I think there’s some misunderstanding here. Several points:

  • For FC4 specifically, there are some hard limits on the size of
    Core. So lots of stuff had to be moved to Extras – including many
    things besides AbiWord and Gnumeric – for practical reasons. This is
    just reality, and I don’t think it’s fair or reasonable to take it
    personally. If you suggest something else to remove instead, would it
    be fair for the developers of that something else to feel that you had
    a personal thing against them?
  • Extras is not a “dumping ground,” it’s in CVS in the same way as Core,
    has the same quality guidelines as Core, and is easily accessible from
    yum in the same way as Core. Extras is simply the universe of all
    packages and Core is a subset. In other words, Extras is a part of
    the Fedora Project
    . The Core/Extras split is about how large a
    subset release engineering deals with when building the ISO
    images. And this decision to remove some packages is caused by release
    engineering and mirror problems if we go above 4 ISOs in FC4.
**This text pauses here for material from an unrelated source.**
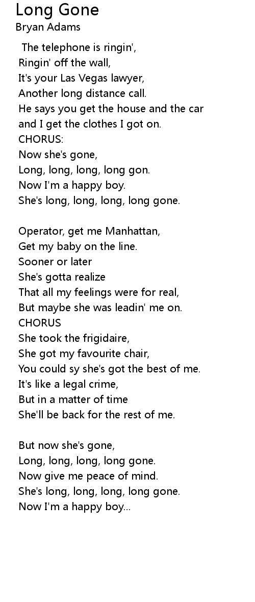 She's long, long, long, long gone. |

  • Many, many people install a minimal system, reboot, and then “yum
    install” the remainder of the OS. (This was always the way with Debian
    back in the day as well, when you had to do this to avoid dselect
    doom.) For people doing this, Core vs. Extras basically doesn’t
    matter. Even things not in Extras are easy to use; I have jpackage in my yum.conf for example.
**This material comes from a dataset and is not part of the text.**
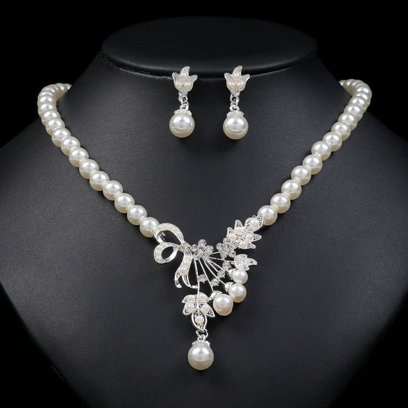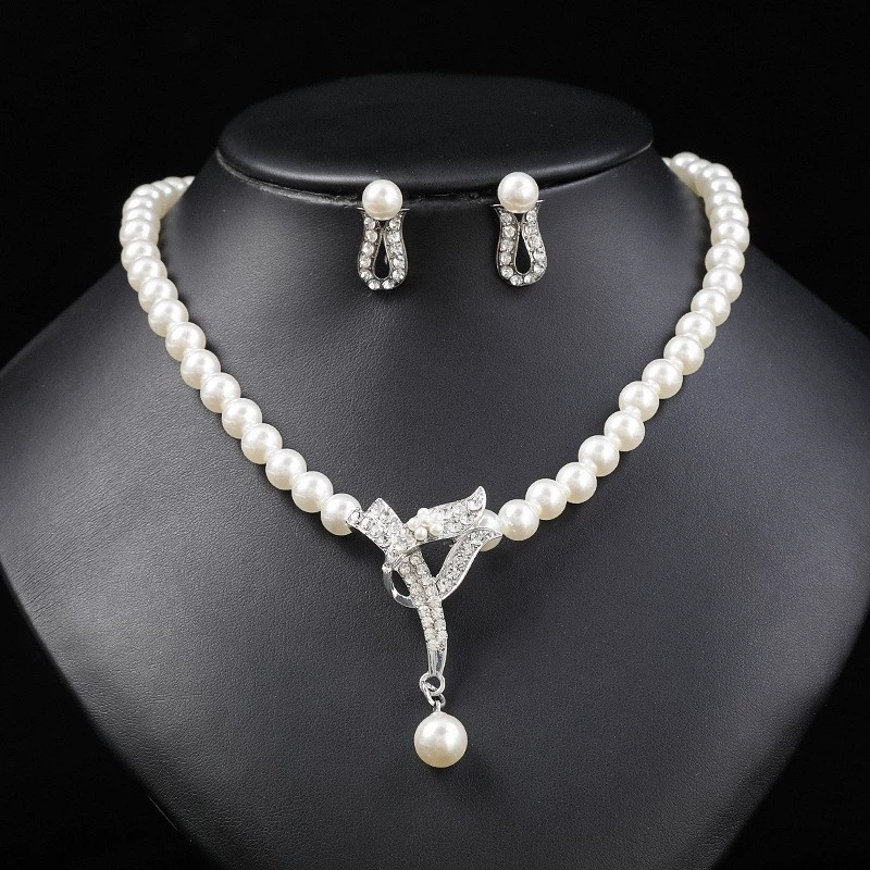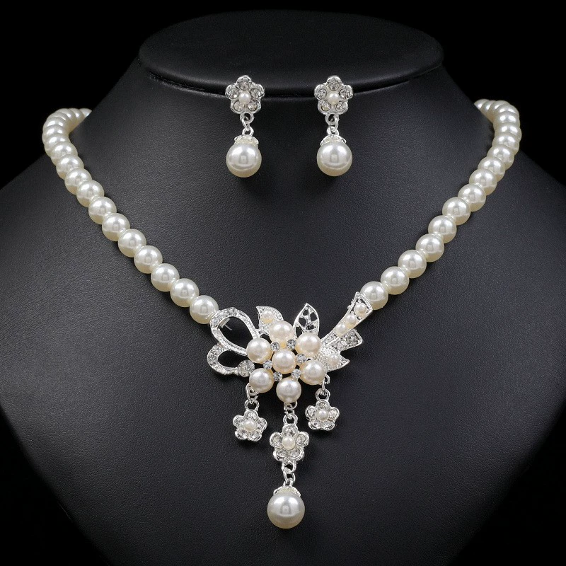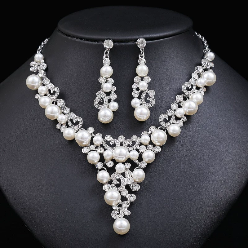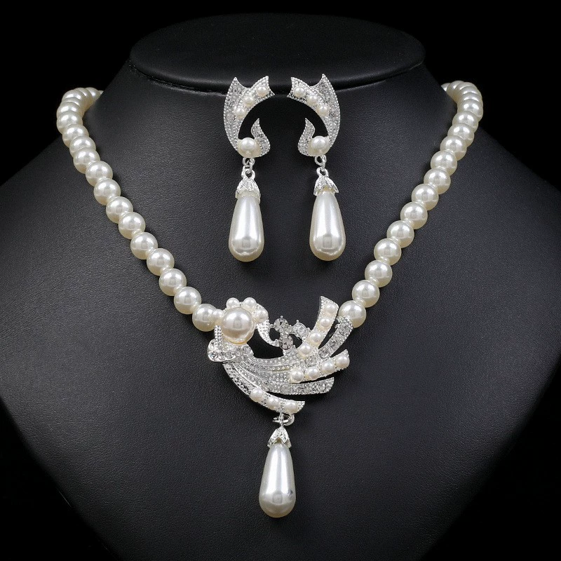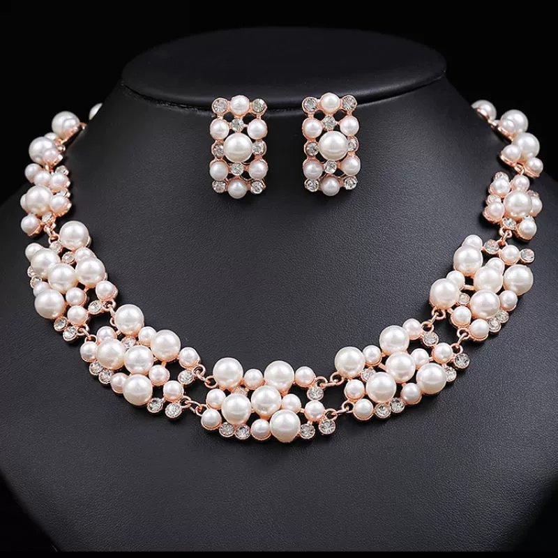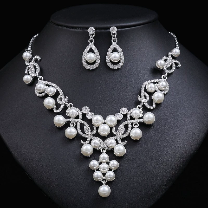 Fashion Earrings Women Alloy Bridal Dress Pearl Necklace

  • The long-term plan (for FC5) will probably be to either move a lot
    more stuff to Extras, shrinking Core to be more or less “the
    default install only,” or to move the things we temporarily moved out
    for FC4 back in to Core. So this whole thing is just a short-term
    situation.
  • The Red Hat desktop team is planning to keep maintaining the AbiWord
    and Gnumeric packages in Extras for now.

All this is explained in the huuuuuuuuuuuuuuge mailing list thread
about what to remove; but I can’t really blame anyone if they didn’t
read the whole thing. Anyone is welcome to read it and suggest
something else to remove instead of the current list, but I think
anyone reading it will realize that the problem is intractable, and
requires the long-term plan of either a) re-expanding Core or b)
shrinking Core to be some relatively objective set like “the
default install.”

On the overall office suite question, the Red Hat engineering team is
very supportive of a native (and just plain better) office suite. I am
personally as well, and was recently re-convinced of the value of this
when I tried out Pages and Keynote. But given that we have to remove
something, it just makes sense to remove duplicate functionality
first, instead of for example removing all office suites in
order to keep a choice of ten text editors.